[rabbitmq-discuss] rabbitmq fake-death && no breath. key word in log : mirrored_supervisor rabbit_mgmt_db
Simon MacMullen
simon at rabbitmq.com
Mon Oct 1 14:49:48 BST 2012
First of all: the fix for the bug referred to in previous emails was
released in RabbitMQ 2.8.7. So you should consider an upgrade.
Secondly: it looks like your nodes are seeing a netsplit. Is that the
case? You should be aware that RabbitMQ clusters don't handle netsplits
well.
Cheers, Simon
On 27/09/12 14:54, Chao Liu wrote:
> hello, Simon MacMullen.
> today, rabbitmq down again.
> the output of the sasl.log is the same with the last one. but there are
> something new in the .log.
> Could u help me to find out the problem ? thanks
>
> *disc node's log*
> *
> *
> =INFO REPORT==== 27-Sep-2012::19:59:12 ===
> rabbit on node rabbit at zw_124_156 down
>
> =WARNING REPORT==== 27-Sep-2012::19:59:13 ===
> Mnesia(rabbit at zw_124_177): ** WARNING ** Mnesia is overloaded: {dump_log,
>
> time_threshold}
>
> =INFO REPORT==== 27-Sep-2012::19:59:13 ===
> application: rabbitmq_management
> exited: shutdown
> type: temporary
>
> -------------------------------------------------------
> *ram node's log*
> *
> *
> =ERROR REPORT==== 27-Sep-2012::19:54:11 ===
> ** Node rabbit at zw_124_177 not responding **
> ** Removing (timedout) connection **
>
> =INFO REPORT==== 27-Sep-2012::19:54:11 ===
> rabbit on node rabbit at zw_124_177 down
>
> =INFO REPORT==== 27-Sep-2012::19:54:53 ===
> Statistics database started.
>
> =INFO REPORT==== 27-Sep-2012::19:59:13 ===
> global: Name conflict terminating {rabbit_mgmt_db,<7123.24214.2613>}
>
> =INFO REPORT==== 27-Sep-2012::19:59:13 ===
> application: rabbitmq_management
> exited: shutdown
> type: temporary
>
>
> thanks.
>
>
>
>
>
> 2012/9/21 Simon MacMullen <simon at rabbitmq.com <mailto:simon at rabbitmq.com>>
>
> Hi.
>
> This looks like a race with management DB failover that we've
> already fixed, but which has not yet made it into any release.
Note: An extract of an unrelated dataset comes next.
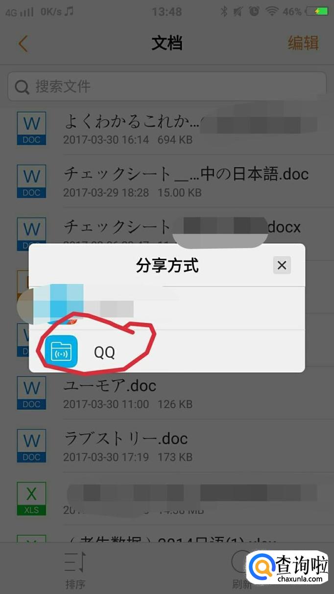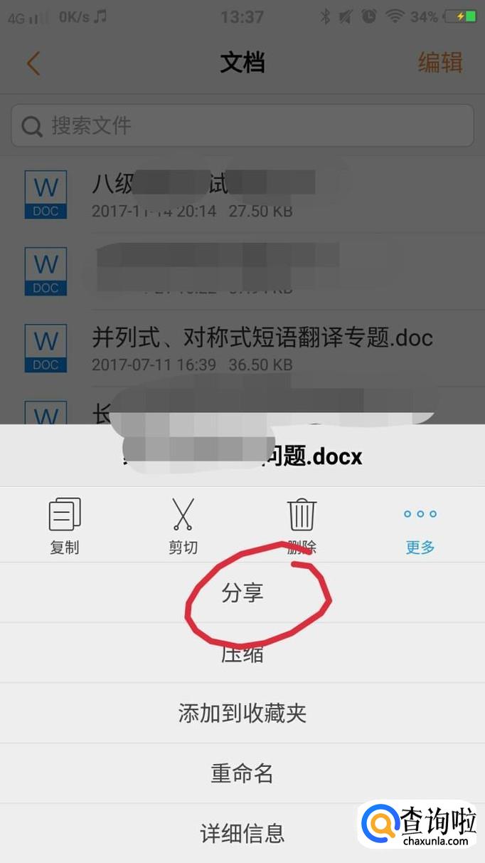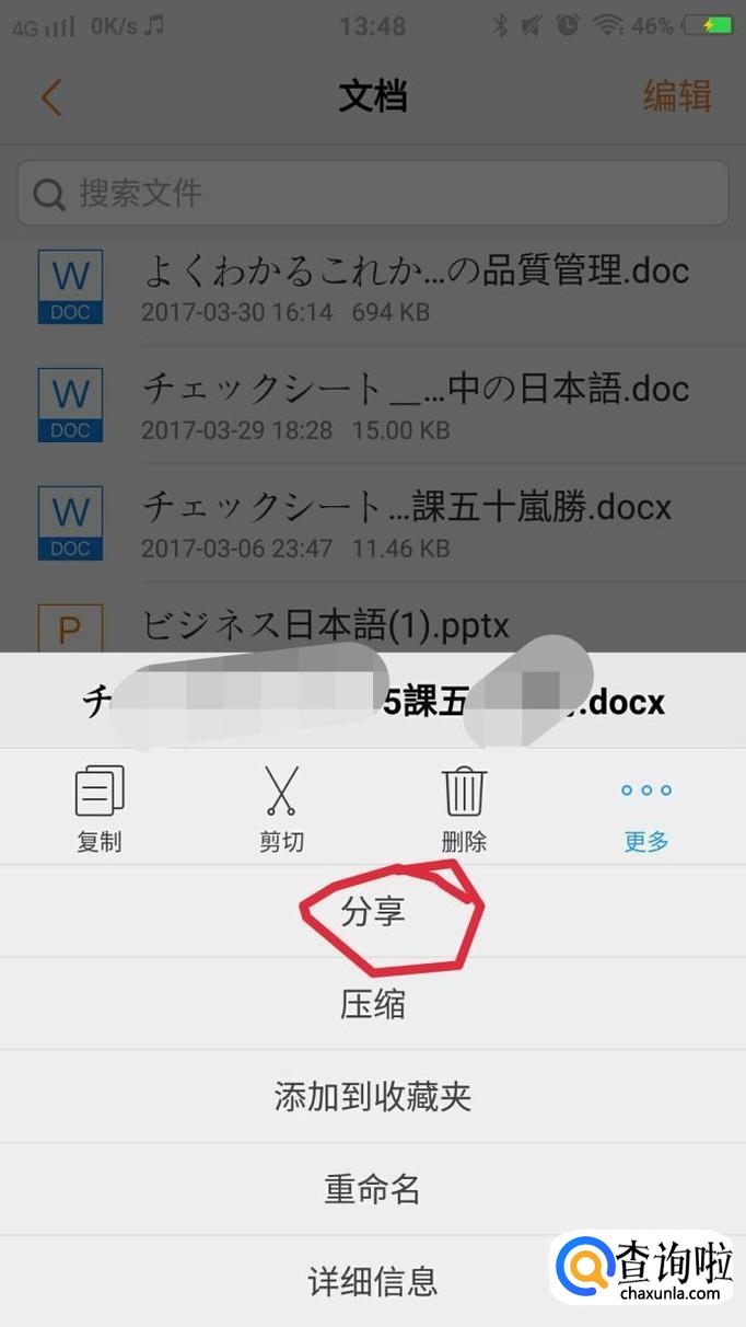 还可以点开【文件管理】(更刚才前面步骤相同),在文件管理中找到自己想要传送的文件,并长按,然后点击右下角的【更多】,在更多页面中点击【分享】,如图

This
> will be fixed in the next bugfix release. Until then if you are
> affected you can work around it by running the management plugin on
> only one node in the cluster (and just have
> rabbitmq_management_agent on the others).
>
> Cheers, Simon
>
> On 20/09/12 08:45, liubida wrote:
>
> hi all,
>
> dose anybody could point me just the direction for finding the
> reason
> for a fake-dead with the RabbitMQ.
> it seem the rabbitmq could not receive messages in some point,
> without
> any warning.
> i have constructed a cluster with 2 nodes, one disc and one ram.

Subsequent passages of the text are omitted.